§ **GOAL OF THE EXERCISE**: Copy out the whole listing exactly as written, leaving the pictures behind.
─── GIVEN INFORMATION
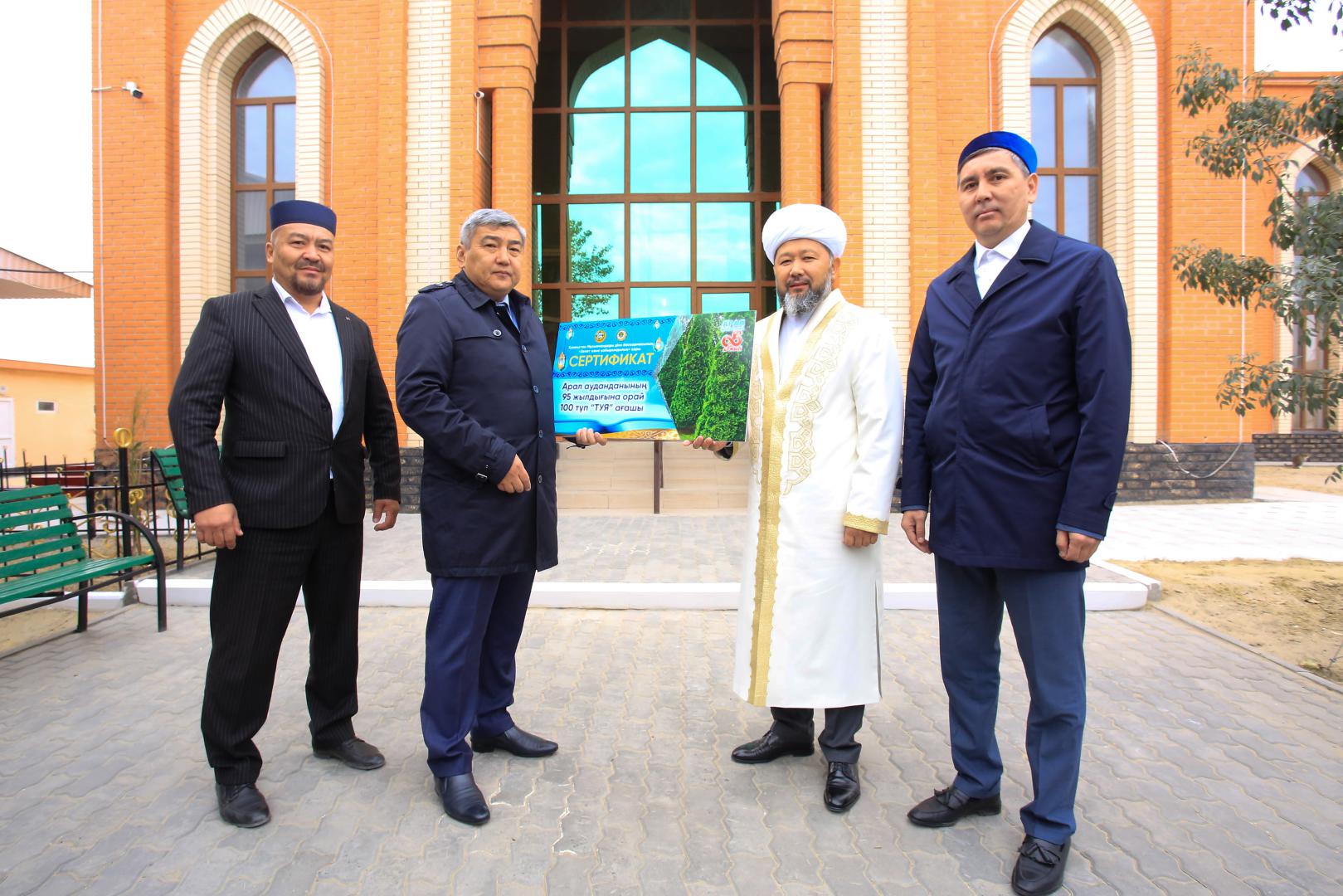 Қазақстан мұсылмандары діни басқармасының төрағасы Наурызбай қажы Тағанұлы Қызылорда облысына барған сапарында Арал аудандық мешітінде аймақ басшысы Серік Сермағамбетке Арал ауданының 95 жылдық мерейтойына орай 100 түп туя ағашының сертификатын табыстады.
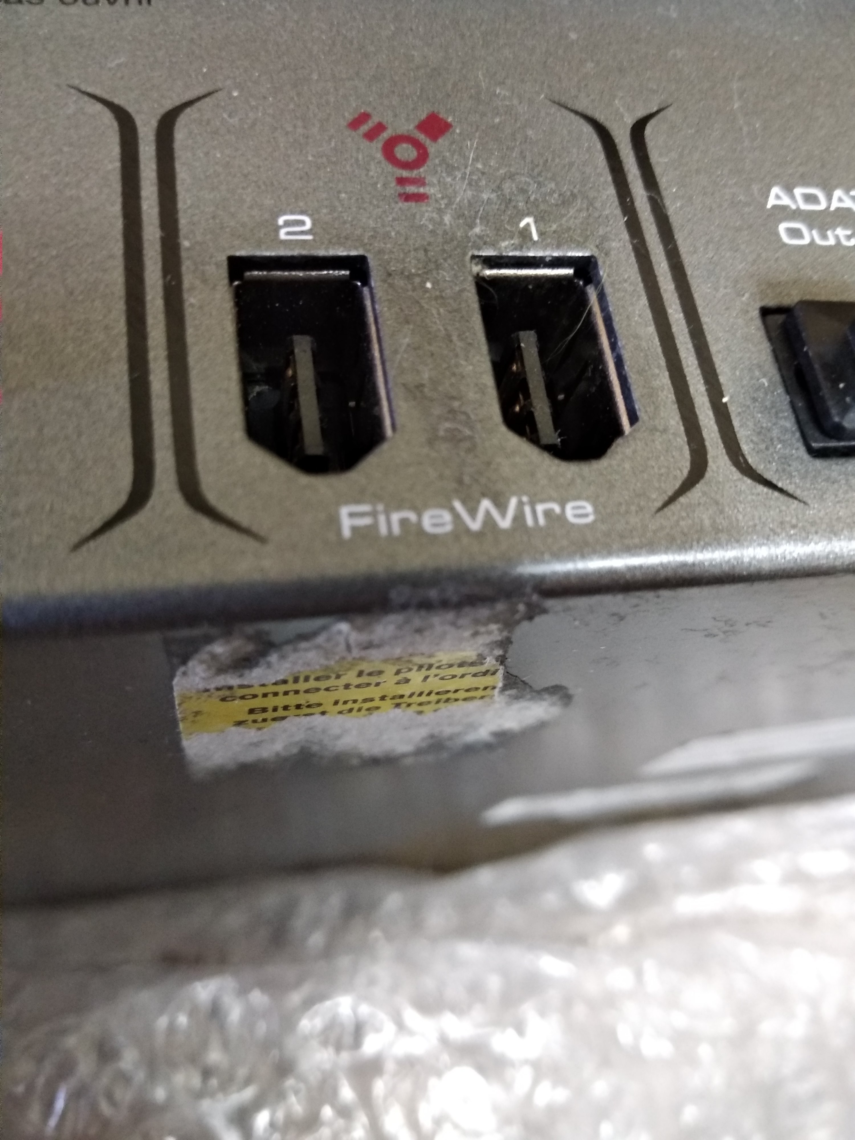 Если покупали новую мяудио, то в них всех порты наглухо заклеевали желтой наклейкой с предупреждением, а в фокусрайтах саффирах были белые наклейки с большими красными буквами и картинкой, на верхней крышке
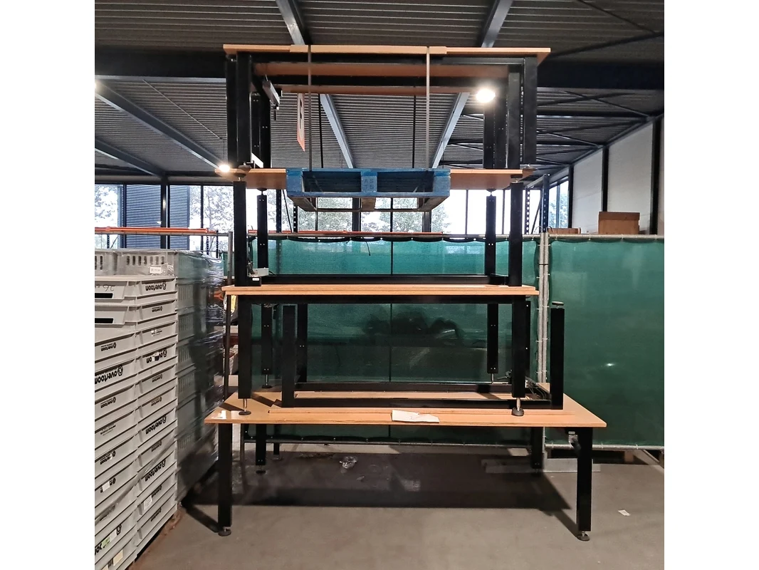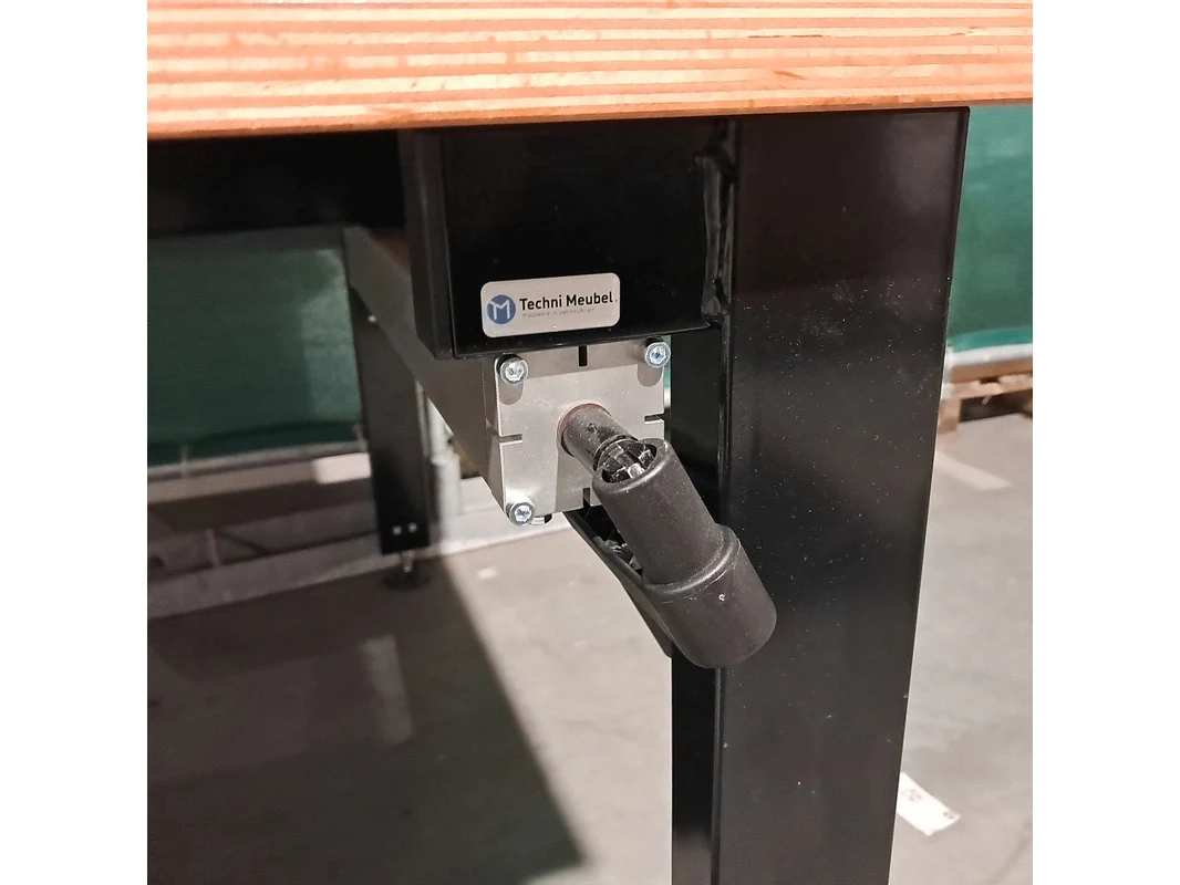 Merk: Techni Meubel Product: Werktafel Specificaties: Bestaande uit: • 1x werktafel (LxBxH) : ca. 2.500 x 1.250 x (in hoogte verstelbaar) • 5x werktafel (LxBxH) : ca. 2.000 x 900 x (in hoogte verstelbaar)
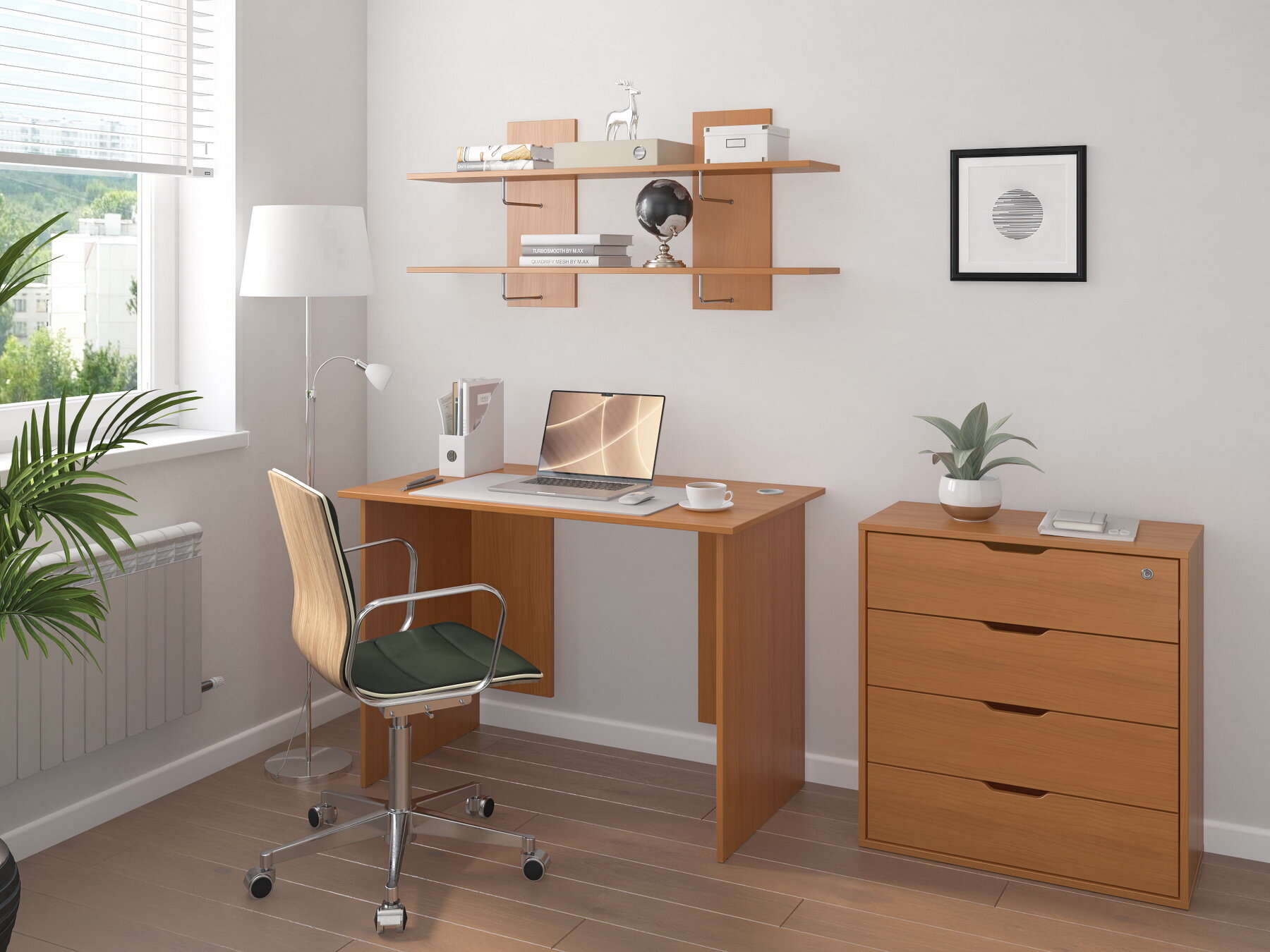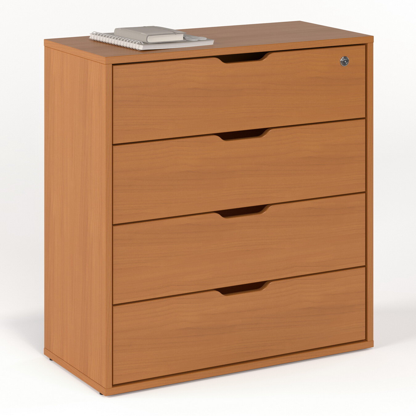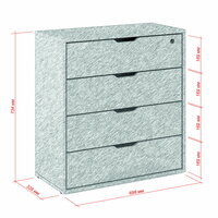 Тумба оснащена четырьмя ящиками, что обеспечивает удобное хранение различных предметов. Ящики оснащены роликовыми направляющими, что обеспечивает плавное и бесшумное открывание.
──────
§ **ANSWER BOX**:
 Қазақстан мұсылмандары діни басқармасының төрағасы Наурызбай қажы Тағанұлы Қызылорда облысына барған сапарында Арал аудандық мешітінде аймақ басшысы Серік Сермағамбетке Арал ауданының 95 жылдық мерейтойына орай 100 түп туя ағашының сертификатын табыстады.
 Если покупали новую мяудио, то в них всех порты наглухо заклеевали желтой наклейкой с предупреждением, а в фокусрайтах саффирах были белые наклейки с большими красными буквами и картинкой, на верхней крышке
 Merk: Techni Meubel Product: Werktafel Specificaties: Bestaande uit: • 1x werktafel (LxBxH) : ca. 2.500 x 1.250 x (in hoogte verstelbaar) • 5x werktafel (LxBxH) : ca. 2.000 x 900 x (in hoogte verstelbaar)
 Тумба оснащена четырьмя ящиками, что обеспечивает удобное хранение различных предметов. Ящики оснащены роликовыми направляющими, что обеспечивает плавное и бесшумное открывание.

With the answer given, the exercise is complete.